» **WORK REQUEST**: Copy all the lines of the listing below exactly. Skip the images.
________
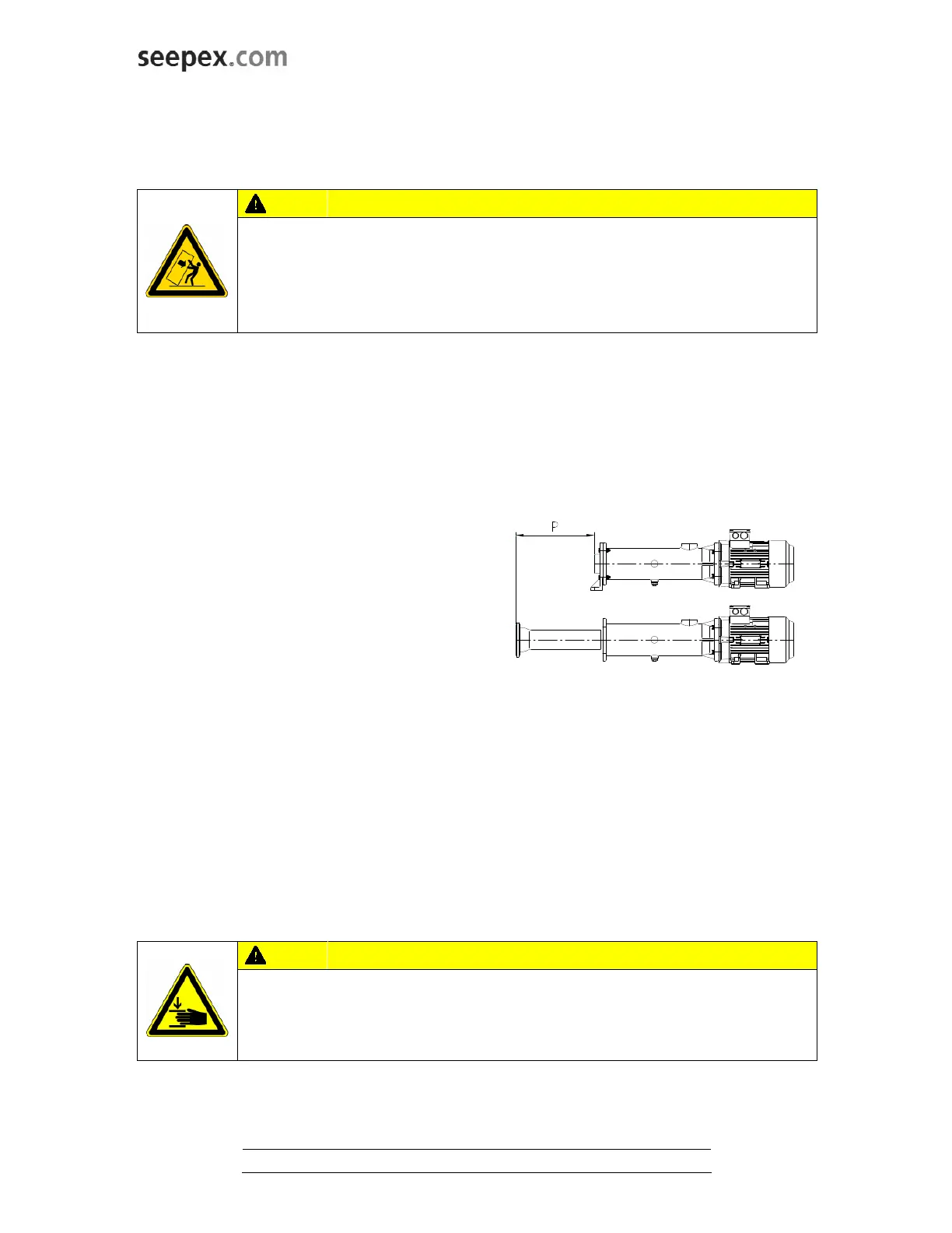 ! Pay attention to the dimensions, weight and centre of gravity of the pump
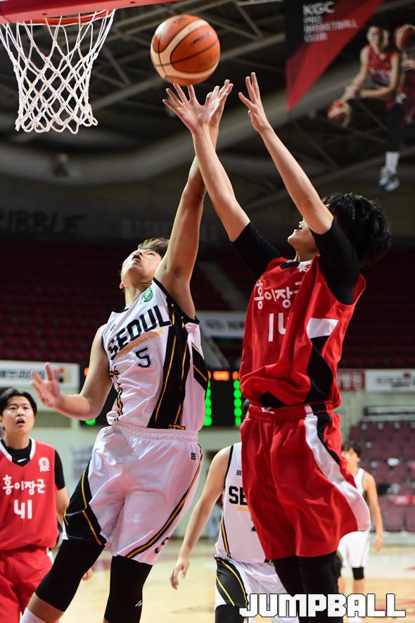 [점프볼=안양/박상혁 기자] 26일 안양실내체육관에서 '2019 KBL 스쿨리그 안양 예선' 경기가 열렸다. 고등부 결승에서 KGC 고등부가 오금고에 34대 25로 승리하였다. KGC 고등부와 오금고 결승전 경기 화보
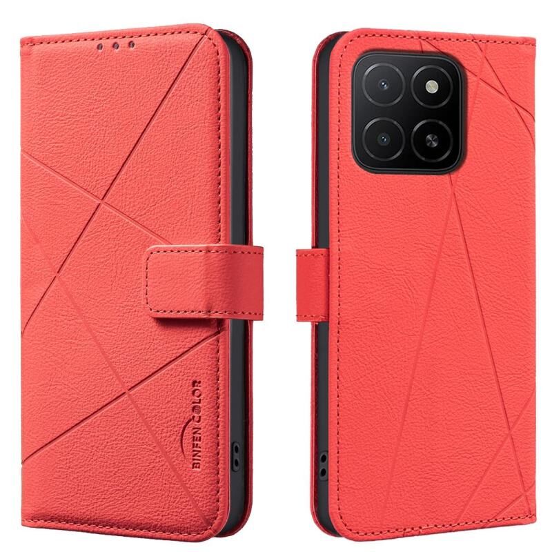 For Honor X5B Geometric Pattern RFID Leather Phone Case(Red)
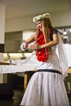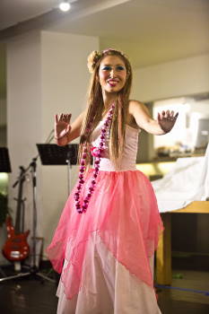ものすごーく早くにソロになった41期生のプアリリア樹さん。いっちゃんは、リボンレイ教室の指導にあたっています。引退した元フラガールが教えています。
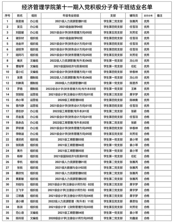 经济管理学院关于第十一期入党积极分子骨干班结业名单的公示
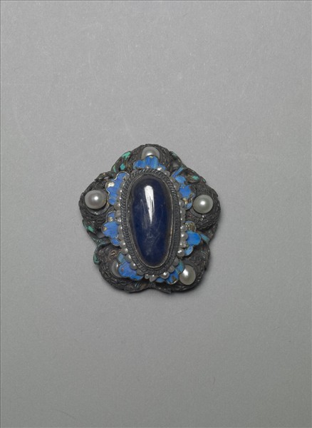帽正,綴飾在帽上額間的飾品,通常由珠翠寶石雕、嵌而成。本件為銀製五瓣花式座,中央嵌藍寶石、周圍嵌珍珠並貼飾點翠。背部有圈環以供穿線縫綴。
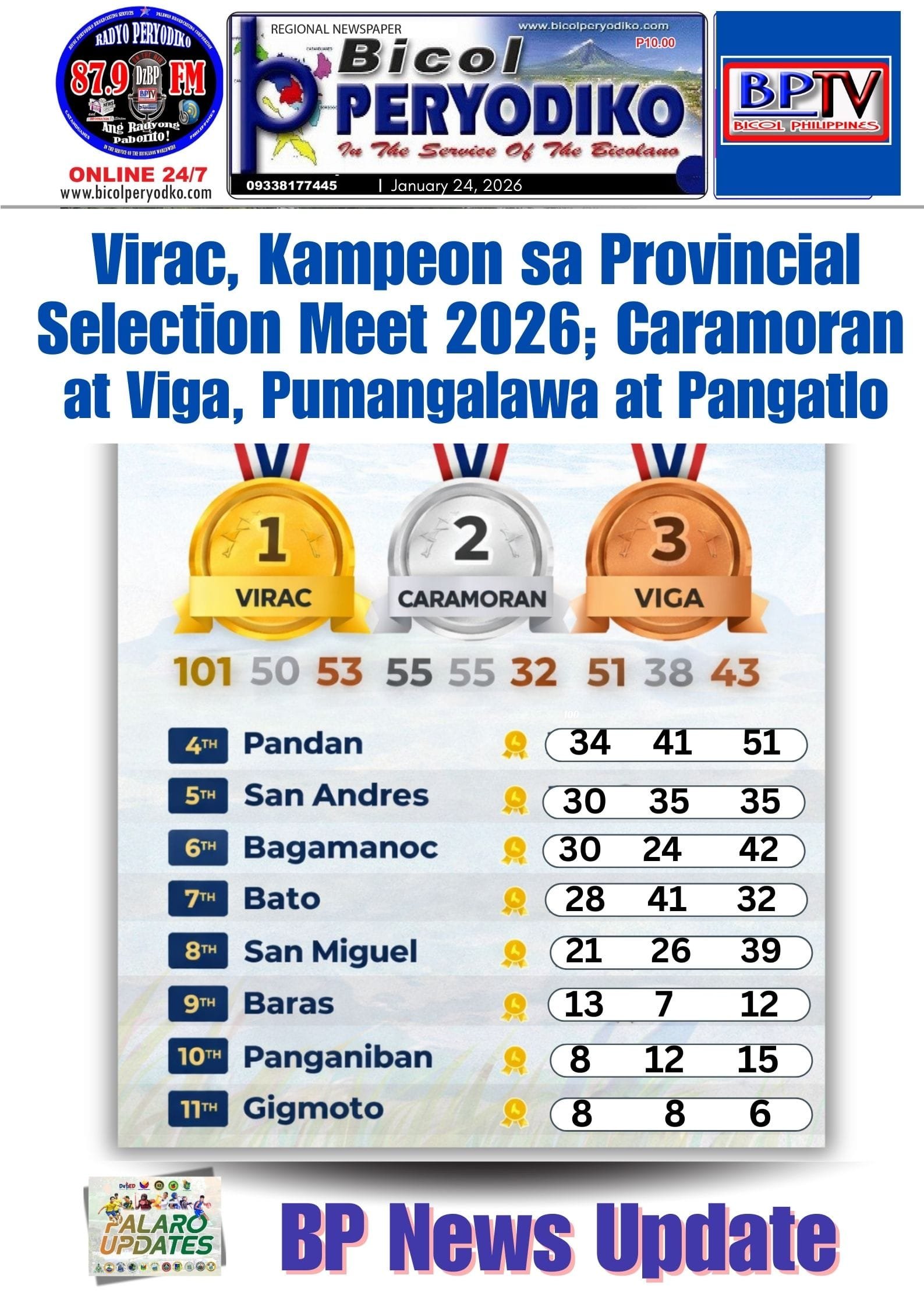 CATANDUANES — The municipality of Virac was proclaimed Over-All Champion of the Provincial Selection Meet 2026 (Regular Sports) after topping the overall medal standings against 10 other municipalities.
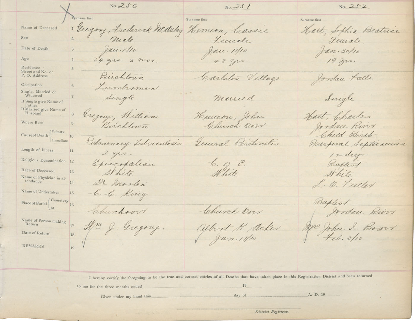 Death Registration: Year: 1910 book: 17 page: 42 number: 252
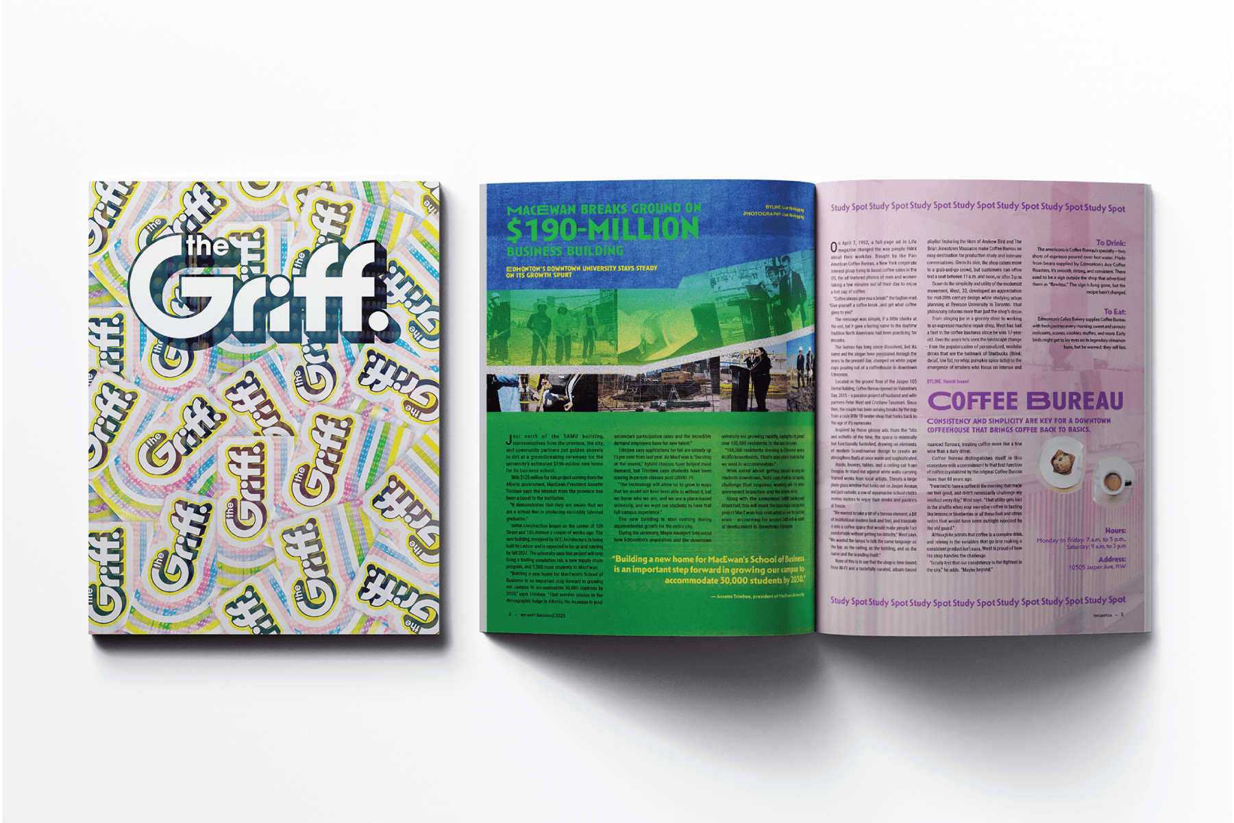 In class, we met with the Griff Magazine team to re-design their monthly magazine as if we were the current designers on the team. One of the most essential parts they valued was that we designed the magazine to represent our personality and display what would make us more intrigued to read the magazine, as well as other students at MacEwan University.
________
» **OUTPUT OF THE TASK**:
 ! Pay attention to the dimensions, weight and centre of gravity of the pump
 [점프볼=안양/박상혁 기자] 26일 안양실내체육관에서 '2019 KBL 스쿨리그 안양 예선' 경기가 열렸다. 고등부 결승에서 KGC 고등부가 오금고에 34대 25로 승리하였다. KGC 고등부와 오금고 결승전 경기 화보
 For Honor X5B Geometric Pattern RFID Leather Phone Case(Red)
ものすごーく早くにソロになった41期生のプアリリア樹さん。いっちゃんは、リボンレイ教室の指導にあたっています。引退した元フラガールが教えています。
 经济管理学院关于第十一期入党积极分子骨干班结业名单的公示
帽正,綴飾在帽上額間的飾品,通常由珠翠寶石雕、嵌而成。本件為銀製五瓣花式座,中央嵌藍寶石、周圍嵌珍珠並貼飾點翠。背部有圈環以供穿線縫綴。
 CATANDUANES — The municipality of Virac was proclaimed Over-All Champion of the Provincial Selection Meet 2026 (Regular Sports) after topping the overall medal standings against 10 other municipalities.
 Death Registration: Year: 1910 book: 17 page: 42 number: 252
 In class, we met with the Griff Magazine team to re-design their monthly magazine as if we were the current designers on the team. One of the most essential parts they valued was that we designed the magazine to represent our personality and display what would make us more intrigued to read the magazine, as well as other students at MacEwan University.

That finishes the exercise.